● Problem details: Within the entries below, output exactly the lines between the line containing "The atmosphere is" and the line containing "Salve o cartão", inclusive, and omit any picture.

::: Material shown :::

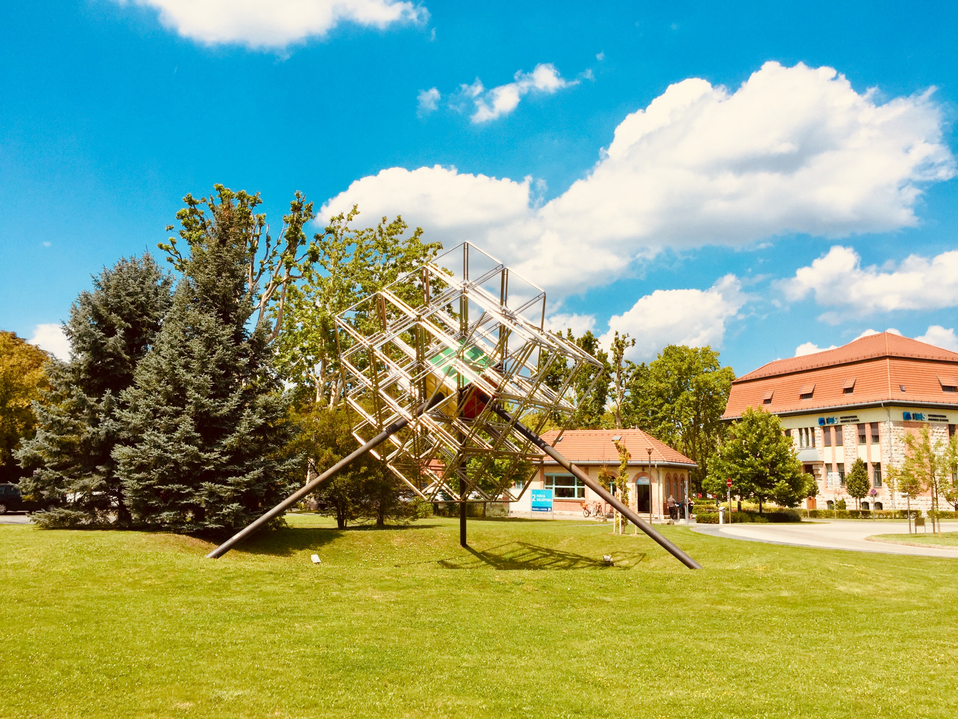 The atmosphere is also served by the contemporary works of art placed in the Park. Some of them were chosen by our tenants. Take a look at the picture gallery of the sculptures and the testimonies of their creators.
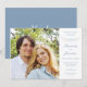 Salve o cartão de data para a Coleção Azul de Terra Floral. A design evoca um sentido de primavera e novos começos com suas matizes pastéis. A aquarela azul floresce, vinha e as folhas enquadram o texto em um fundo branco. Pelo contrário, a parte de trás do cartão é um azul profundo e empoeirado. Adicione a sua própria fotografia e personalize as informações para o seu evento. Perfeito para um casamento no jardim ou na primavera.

:::
::: Material shown :::

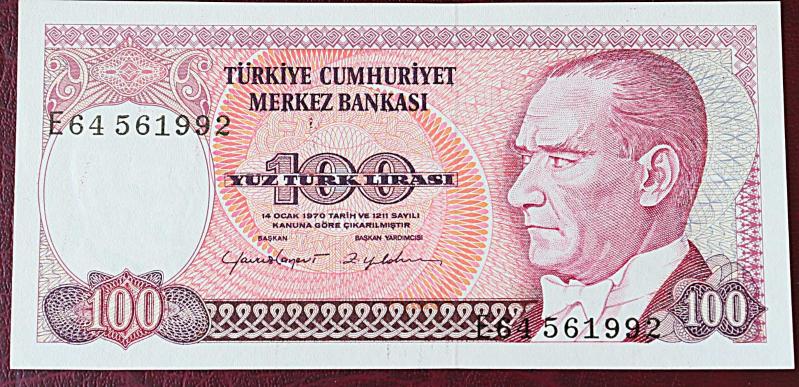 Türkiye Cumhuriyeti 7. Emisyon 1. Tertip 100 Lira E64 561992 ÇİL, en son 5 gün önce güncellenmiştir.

:::

● Your solution:
 The atmosphere is also served by the contemporary works of art placed in the Park. Some of them were chosen by our tenants. Take a look at the picture gallery of the sculptures and the testimonies of their creators.
 Salve o cartão de data para a Coleção Azul de Terra Floral. A design evoca um sentido de primavera e novos começos com suas matizes pastéis. A aquarela azul floresce, vinha e as folhas enquadram o texto em um fundo branco. Pelo contrário, a parte de trás do cartão é um azul profundo e empoeirado. Adicione a sua própria fotografia e personalize as informações para o seu evento. Perfeito para um casamento no jardim ou na primavera.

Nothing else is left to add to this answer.